◆ INSTRUCTIONS TO FOLLOW:
Pictures stay out of the copy, which must hold exactly the lines from the one containing "利用自动化和机器人技术实现自" through the end of the material below.

◆ SUPPLIED INFORMATION:
---------------

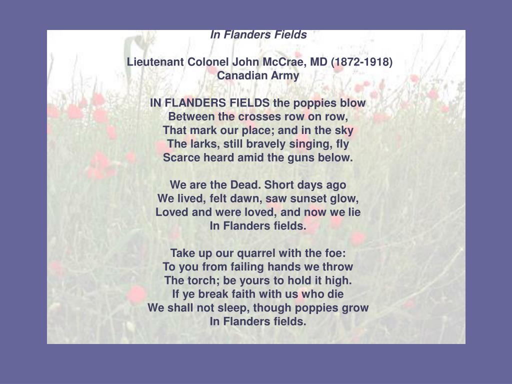 In Flanders Fields Lieutenant Colonel John McCrae, MD (1872-1918)Canadian Army IN FLANDERS FIELDS the poppies blowBetween the crosses row on row,That mark our place; and in the skyThe larks, still bravely singing, flyScarce heard amid the guns below. We are the Dead. Short days agoWe lived, felt dawn, saw sunset glow,Loved and were loved, and now we lieIn Flanders fields. Take up our quarrel with the foe:To you from failing hands we throwThe torch; be yours to hold it high.If ye break faith with us who dieWe shall not sleep, though poppies growIn Flanders fields. In Flanders Fields Lieutenant Colonel John McCrae, MD (1872-1918)Canadian Army IN FLANDERS FIELDS the poppies blowBetween the crosses row on row,That mark our place; and in the skyThe larks, still bravely singing, flyScarce heard amid the guns below. We are the Dead. Short days agoWe lived, felt dawn, saw sunset glow,Loved and were loved, and now we lieIn Flanders fields. Take up our quarrel with the foe:To you from failing hands we throwThe torch; be yours to hold it high.If ye break faith with us who dieWe shall not sleep, though poppies growIn Flanders fields.
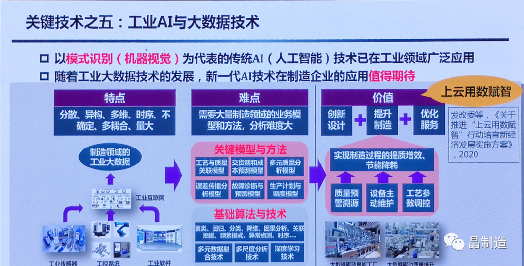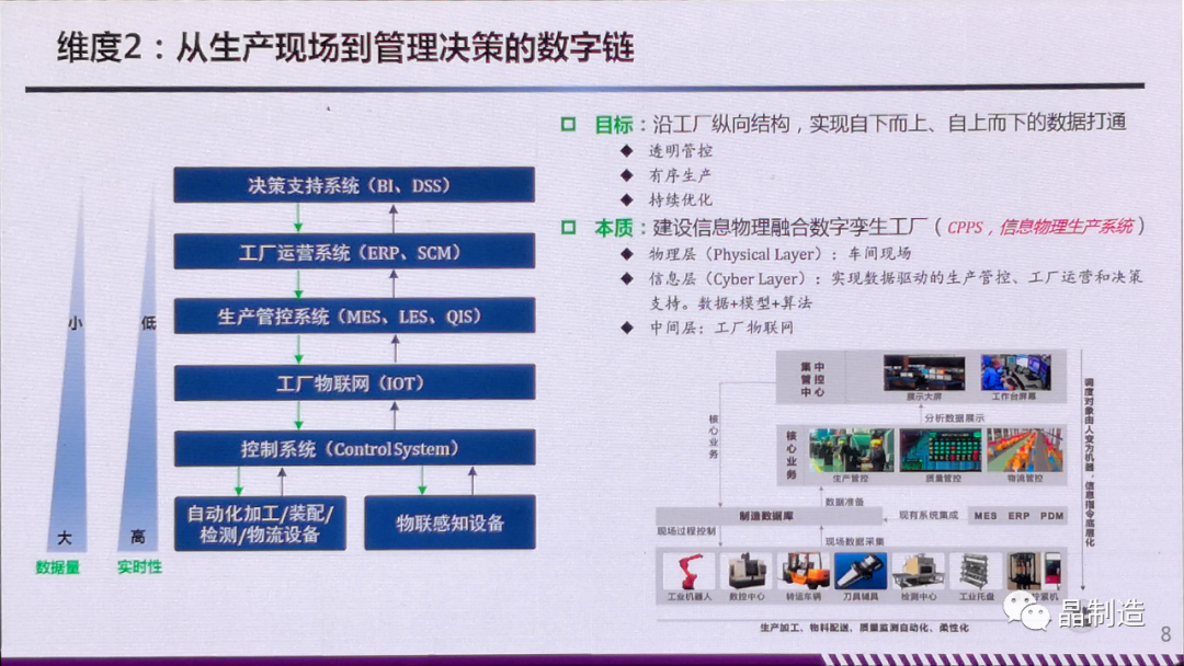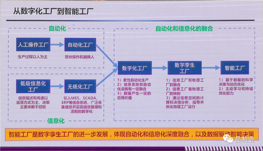 利用自动化和机器人技术实现自动化,通过物联网和信息技术并引入MES、SCADA、ERP系统将信息数字化。结合大数据分析为决策者提供执行依据,搭载人工智能技术实现智能化生产。
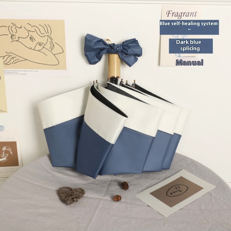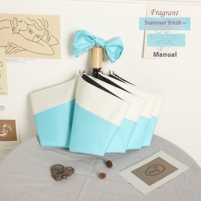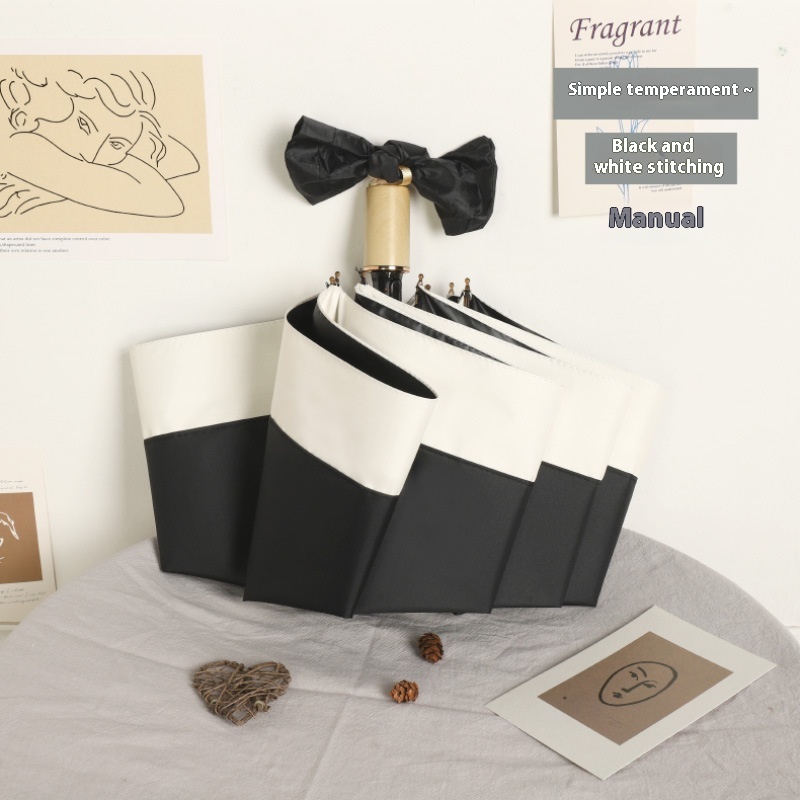 Light Luxury Contrast Color Umbrella Sun Umbrella Folding Black Glue Sunscreen UVProtection Simple Style Sunshade Automatic Umbrella
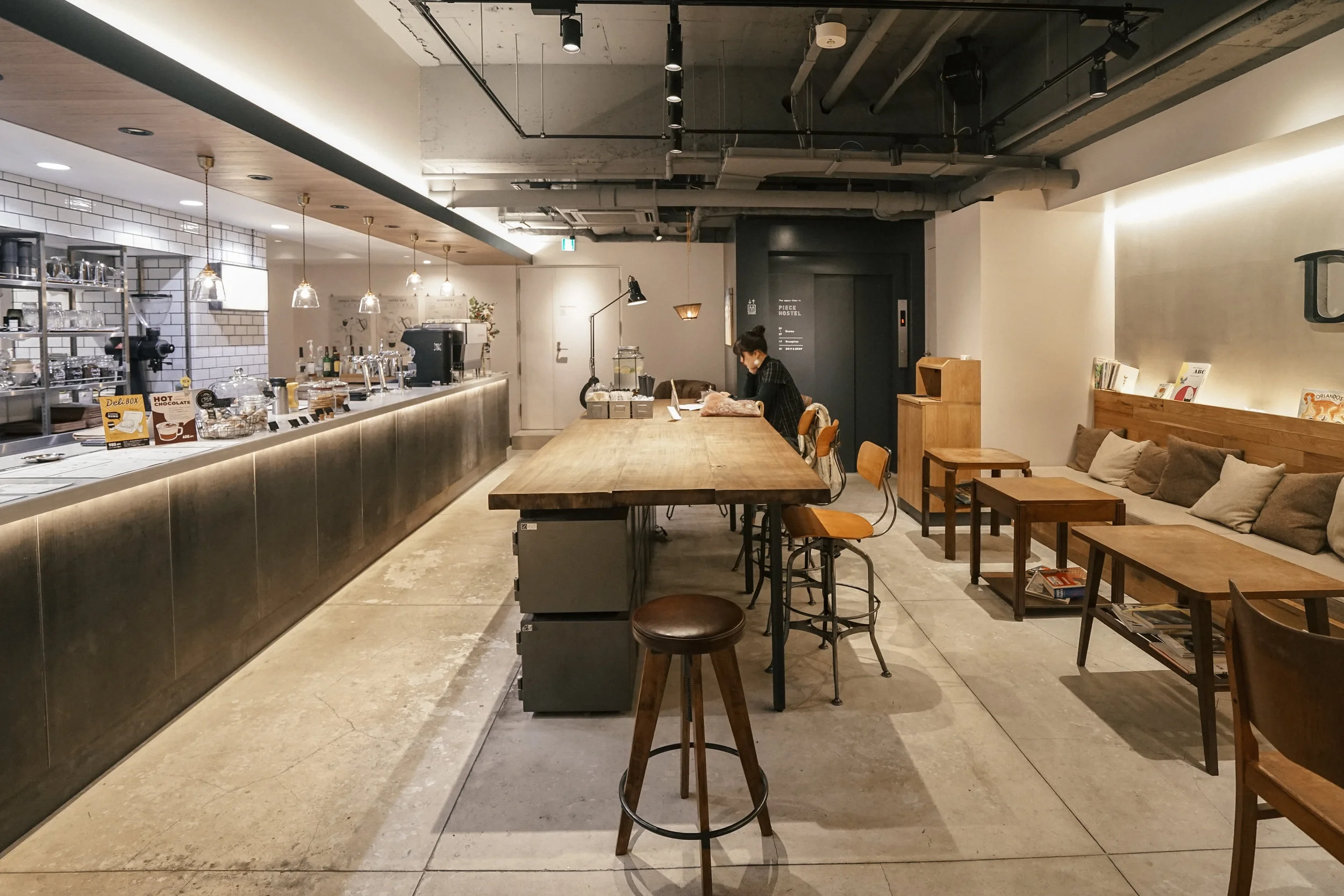 雖然我也是偶然發現,但只要來到京都,總是會來這喝上杯咖啡。附屬於旅館的咖啡館,與旅館一樣的乾淨俐落,暖色系的寬闊空間,像是個這一區的秘密基地般帶點溫暖。有著一排靠牆沙發區座位,中間的大桌成了整個焦點,我也很喜歡這種分享式的大桌,很容易的可以交到朋友閒聊一下,面對著開放式的廚房與長吧台,顯得更加乾淨俐落。

---------------

◆ EXERCISE OUTPUT:
 利用自动化和机器人技术实现自动化,通过物联网和信息技术并引入MES、SCADA、ERP系统将信息数字化。结合大数据分析为决策者提供执行依据,搭载人工智能技术实现智能化生产。
 Light Luxury Contrast Color Umbrella Sun Umbrella Folding Black Glue Sunscreen UVProtection Simple Style Sunshade Automatic Umbrella
 雖然我也是偶然發現,但只要來到京都,總是會來這喝上杯咖啡。附屬於旅館的咖啡館,與旅館一樣的乾淨俐落,暖色系的寬闊空間,像是個這一區的秘密基地般帶點溫暖。有著一排靠牆沙發區座位,中間的大桌成了整個焦點,我也很喜歡這種分享式的大桌,很容易的可以交到朋友閒聊一下,面對著開放式的廚房與長吧台,顯得更加乾淨俐落。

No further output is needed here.